An Artist’s Capitalism Trap

January 17, 2026 by No Comments

US dollar bill with glitch effect

I was seated on a leather couch in a glass-walled room, looking up at three people I’d just let down.

I’d recently declined a significant advertising campaign, and my agents were far from happy. They summoned me to the agency’s main office right after my first-year virtual reality programming class, as though I’d been caught cheating on an exam—when all I’d done was say “no.”

Inside the room, I attempted to clarify: the company had a track record of ignoring environmental concerns and had made racist comments previously. For me, participating in their campaign felt unethical.

Gazing at their expressions, I could sense my words faded away before they even registered.

“Listen,” one of them finally said, “That kind of money is like a down payment on a house.”

It was accurate. Moreover, I’d just emerged from one of the most financially precarious phases of my life. As a Deaf, transgender artist in college, that payment could have covered disability expenses, health insurance, and rent. A quiet voice in my mind reminded me: such opportunities aren’t permanent. As a transgender and disabled individual, the unavoidable costs of medical and gender-affirming care would only increase over time.

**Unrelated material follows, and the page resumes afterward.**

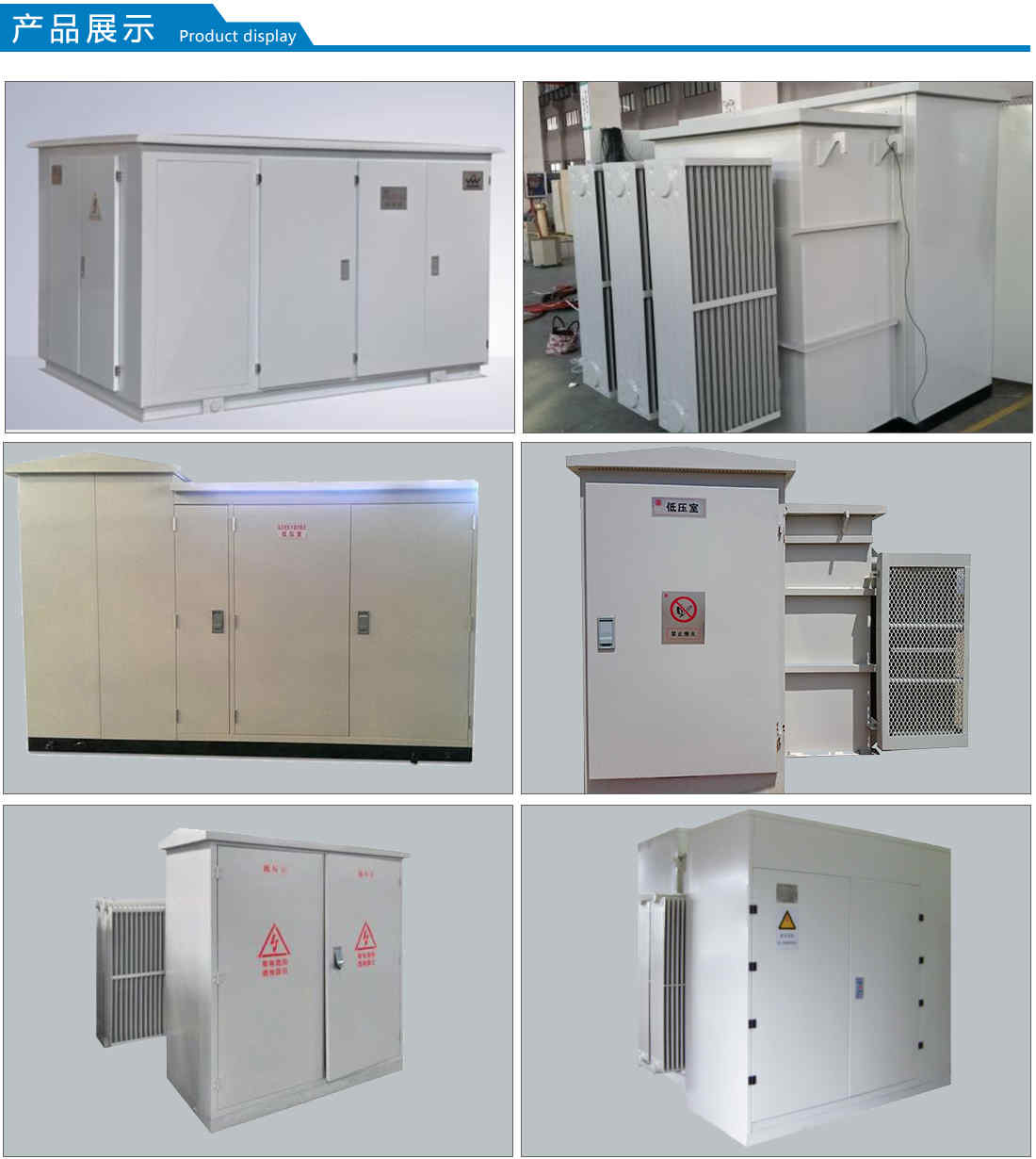 本產品是將變壓器,負荷開關,高壓熔斷器安裝在變壓器的箱體內,利用變壓器的絕緣液體作為整個產品的絕緣和散熱介質,采用全密封結構,外殼采用分體,噴丸、酸洗、磷化、分別噴涂底漆、中間漆、面漆達到表面的防腐性、耐厚性、防紫外線性均超過普通噴涂的強度,具有體積小,重量輕、安裝方便等優點。

It was a privilege to be offered that much money—so much so that I’ve never shared this moment publicly. How do you reconcile gratitude for an opportunity most people never receive with the guilt of turning it down?

That’s the dilemma for marginalized artists: our principles are intertwined with our survival under capitalism. Saying “no” brought me peace, but it also shut doors. I haven’t been offered projects paying anywhere near that amount since, especially in today’s political climate.

Reflecting now, I realize my choice wasn’t solely about a single paycheck. It was also rooted in the false idea of a moral black-and-white. My agents told me, “Your involvement in the campaign would do more good than harm.” At 18, I nearly believed morality operated that way.

I couldn’t influence the company’s environmental actions. However, I would have had full control over how the payment was used: what it funded, who it supported, what it helped create. That money could have gone toward interpreters, accessibility for my projects, therapy, or mutual aid for transgender and disabled groups. Ironically, representation was part of the deal: visibility for a transgender, Deaf, BIPOC artist. My younger self would have found that life-changing.

Rejecting money and the opportunity to claim space doesn’t inherently make one ethical. Sometimes it just leaves you poor. And when you’re poor, you can’t finance the work you care about. Meanwhile, the very communities advocating for representation and equity often criticize artists for associating with anything short of “perfect justice.”

But justice is never flawless. It’s reduced to a two-dimensional view online, where people judge based only on what’s visible, never the full context of someone’s life—even if they’re a public figure. Still, it’s ironic that on social media platforms, owned by some of the world’s richest men, strangers or even fellow artists voice their criticism of my complicity in capitalism. 

We all have a hand in capitalism. The distinction is that, as an artist, I’ve chosen to subject myself to this scrutiny. I need my communities to hold me accountable, even when it stings. Their anger and criticism remind me that capitalism is unjust. Yet I also know I can’t create my work outside of it. And as an artist, I’ve chosen a profession that challenges those in power—and sometimes, the only way to do that is to reshape the system from within.

So what is justice? Who gains when an artist refuses money? If I’d accepted the campaign, I might have lost some support, but I could have channeled thousands of dollars back into my communities. That’s what I aim to do now, whenever such rare opportunities come up: accept, then redistribute. At the price of being judged, I can provide financial support to those I care about and secure healthcare, safety, and even happiness for myself.

Saying “no” isn’t always virtuous. Saying “yes” isn’t always corrupt. In a capitalist society, staying true to your values is never straightforward. It’s an ongoing balance between what you can accept, what you can build, and what you’re willing to give up.